This interface declares a method that will return the number of products grouped by category, with results paginated according to the Pageable parameter.

Next, create a repository interface for Product:

@Repository
public interface ProductRepository extends ElasticsearchRepository<Product, String>, ProductItemRepository {

}

Here, we are extending ElasticsearchRepository<Product, String> which is a Spring Data Elasticsearch interface that provides standard CRUD (Create, Read, Update, Delete) operations for the Product entity. By extending ProductItemRepository interface, the ProductRepository inherits the custom method to perform the query on our Product entity.

2.4 Add Aggregations

Now, let’s focus on adding aggregations. We will add a simple aggregation to count the number of products in each category. We will create a service class that uses ElasticsearchOperations to execute the aggregation queries.

@Service
public class ProductService implements ProductItemRepository {

    @Autowired
    private ElasticsearchOperations elasticsearchOperations;

    @Override
    public SearchPage<Product> getProductsCountByCategory(Pageable pageable) {
        Query query = NativeQuery.builder()
                .withAggregation("category_aggregation",
                        Aggregation.of(b -> b.terms(t -> t.field("category.keyword"))))
                .build();

        SearchHits<Product> response = elasticsearchOperations.search(query, Product.class);
        return SearchHitSupport.searchPageFor(response, pageable);
    }

        public Map<String, Long> countByCategory() {
        Query query = NativeQuery.builder()
                .withAggregation("category_aggregation",
                        Aggregation.of(b -> b.terms(t -> t.field("category.keyword"))))
                .build();

        SearchHits<Product> searchHits = elasticsearchOperations.search(query, Product.class);

        Map<String, Long> aggregatedData = ((ElasticsearchAggregations) searchHits
                .getAggregations())
                .get("category_aggregation")
                .aggregation()
                .getAggregate()
                .sterms()
                .buckets()
                .array()
                .stream()
                .collect(Collectors.toMap(bucket -> bucket.key().stringValue(), MultiBucketBase::docCount));

        return aggregatedData;
    }
}

Here, we use NativeQuery.builder() to build a query with a terms aggregation.

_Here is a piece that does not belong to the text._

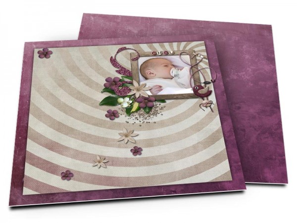 Faire-part baptême - Marron et pourpre + de 100 couleurs au choix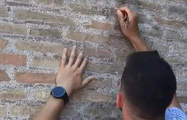 Un turist a provocat revolta oamenilor după ce și-a scrijelit numele lui și al prieenei sale pe Colosseum. El a fost indentificat. În timp ce bărbatul vandaliza zidul, prietena lui îl filma.

In the getProductsCountByCategory(Pageable pageable) method, the aggregation, named "category_aggregation", counts the number of documents for each unique value in the category field. The query is executed using elasticsearchOperations.search(), and the result is converted to a SearchPage for pagination.

The countByCategory method executes a terms aggregation query that counts the number of documents in each category.

2.5 Expose the Aggregation Result via REST

Finally, expose the aggregation results via a REST controller:

@RestController
public class ProductController {

    @Autowired
    private ProductService productService;

    @GetMapping("/products-count-by-category")
    public List<Product> getProductsCountByCategory(@RequestParam(defaultValue = "2") int size) {
        SearchHits<Product> searchHits = productService.getProductsCountByCategory(Pageable.ofSize(size))
                .getSearchHits();

        return searchHits.getSearchHits()
                .stream()
                .map(SearchHit::getContent)
                .collect(Collectors.toList());
    }

    @GetMapping("/count-by-category")
    public Map<String, Long> countByCategory() {
        return productService.countByCategory();
    }

The ProductController class exposes two endpoints.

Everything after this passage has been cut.